The words of Vera the shaman often come to my mind. By “understand”, she did not really mean that she had to find a solution; rather, she had the intention to circumvent the problem, take it into account, give it a shape, outwit it failing to eliminate it. But the shamanic cure as healing only makes sense if one believes in it. And the active power of art exists under the same condition: the same belief that we grant to the sacred. So it means to believe in the emotional power of creative fiction. Thus, being inspired thanks to the imagination is surely not a flight, or a simple escape, but truly a process necessary for the survival of the world, the active agent that prevents it from becoming frozen, authoritarian and opaque – the guarantee of a vital movement.
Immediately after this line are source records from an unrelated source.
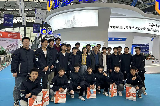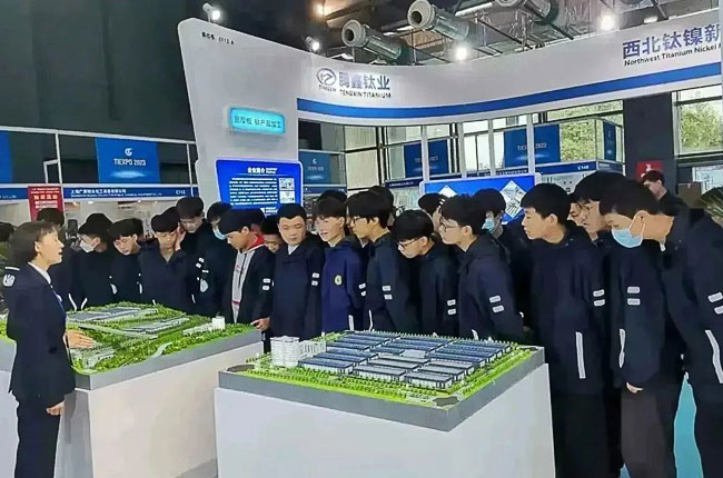 在參展期間,各班學生列隊跟隨現場工作人員,認真聽取專業技術人員對各展位的鈦材料、鈦產品以及各種有色金屬材料的詳細介紹。讓學生們親眼目睹了鈦金屬的不同形態以及各種板材、型材等。對鈦金屬材料的性質、加工方法、新型工藝以及在航天、軍工、民用方面的綜合應用有了新的認識。同時,了解了自己所學專業所涉及的職業領域,感受到了現代企業的文化精髓和先進制造業的發展理念,進一步激發了學生學習熱情,增強了學生“技能強國、創新有我”的堅定理想信念。
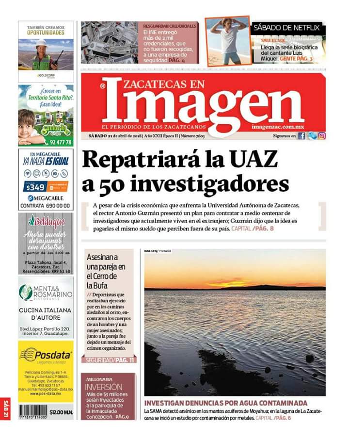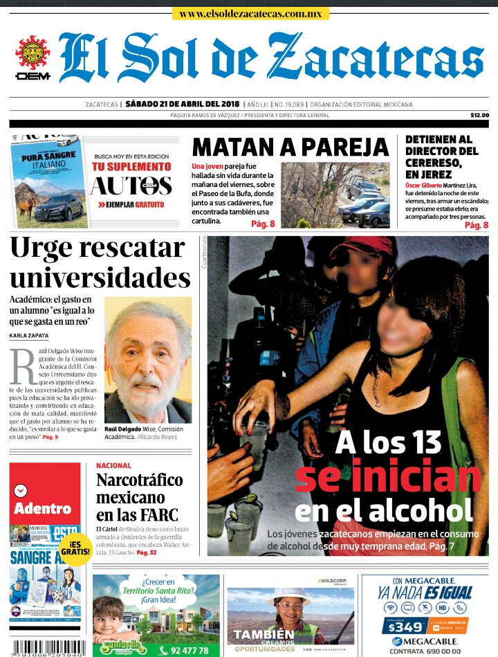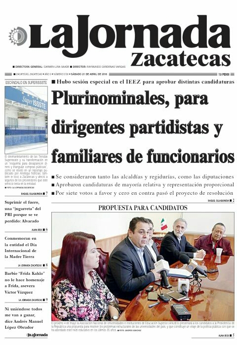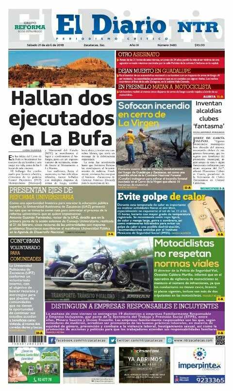 Locales Portadas de diarios impresos Zacatecas sábado 21 de abril Admin 21 abril, 2018 128 Views Puedes compartir esta noticia en tus redes sociales.
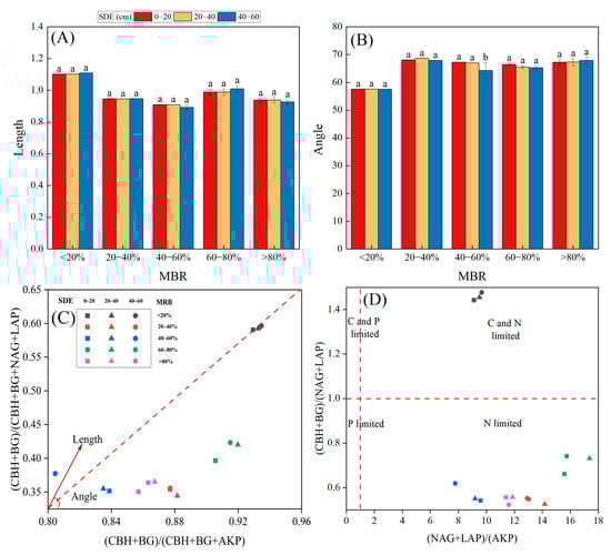 The vector length initially decreases and then increases as the MRB increases. Notably, the vector length reaches its peak in forests with the lowest MRB (<20%) (Figure 6), indicating that carbon limitation is most pronounced under the lowest MRB (< 20%), where it exceeds the values recorded in forests with MRB ranges of 20–40%, 40–60%, and 60–80% by factors of 1.35, 1.44, and 1.08, respectively. With the exception of the 20–40% MRB condition, where the vector length increases consistently with soil depth, the vector length initially increases and then decreases as the soil depth increases under all other MRB conditions. Specifically, the maximum vector length is observed at a soil depth of 20–40 cm, which corresponds to the greatest degree of C limitation. Additionally, the ratio of (CBH + BG) to (NAG + LAP) is less than 1 under all MRB conditions, except for the lowest MRB (<20%), where it exceeds 1. This suggests that both C and P limitations are present at the lowest MRB (<20%), whereas other MRB ranges exhibit only P limitation without C limitation. Furthermore, all the vector angles in the forest are greater than 45°, indicating that the soil in the bamboo forest is subject to phosphorus limitation. The vector angle increases gradually with increasing MRB, reaches the maximum value at 40–60% MRB, and then rapidly decreases to the minimum value at 60–80% MRB. Notably, all the vector angles at the 20–40 cm soil depth presented a minimum value. Overall, P limitation clearly reached its maximum at 60–80% MRB and at soil depths of 20–40 cm.
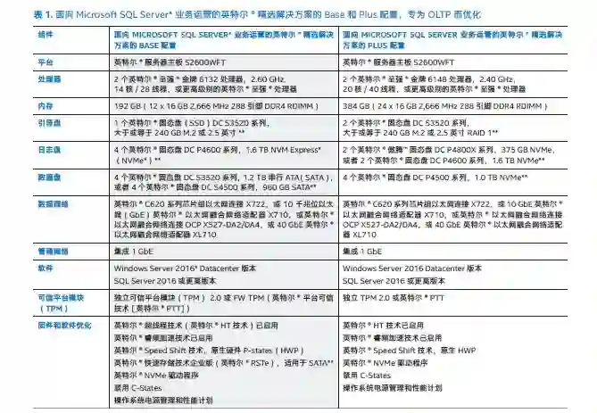 SSD正是英特尔面向SQL Server 精选解决方案的特长。该解决方案分为Base 和Plus 两种配置,都设置了专门针对日志层的存储,而且全部使用 英特尔数据中心系列SSD 固态盘,它们支持写入密集型环境,处理OLTP 工作负载时,可提供每分钟事务数所必需的高端性能。 作为引导盘和 数据层驱动器,这些固态盘DC 系列针对读取密集型和写入密集型的数据操作都有出色的性能。Plus 配置的所有驱动器均采用NVMe 固态盘,性能达到最佳。
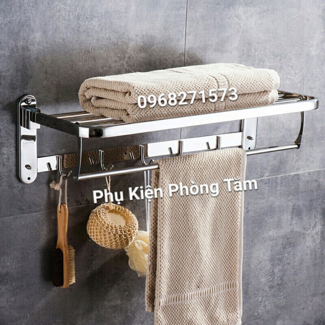 Combo giá treo khăn và Kệ chữ nhật 2 tầng Inox 304

[1] I am talking here about Bertrand Hell, an anthropologist invited by Jean de Loisy to collaborate with us on the exhibition “Les maîtres du désordre” [Masters of Disorder], and Jean-Baptiste Delpias, who edited most of the films, les “the words of the initiated”, screened during the exhibition.

[2] The Republic of Tuva is part of the Russian Federation.

[3] “L’œuvre faite compte finalement moins que ‘faire œuvre’” [”The finished work counts finally less than ‘making the work’.”], in Thierry Davila and Maurice Fréchuret, L’Art médecine, exh.cat. [musée Picasso, Antibes], Paris, RMN, 1999, p. 31.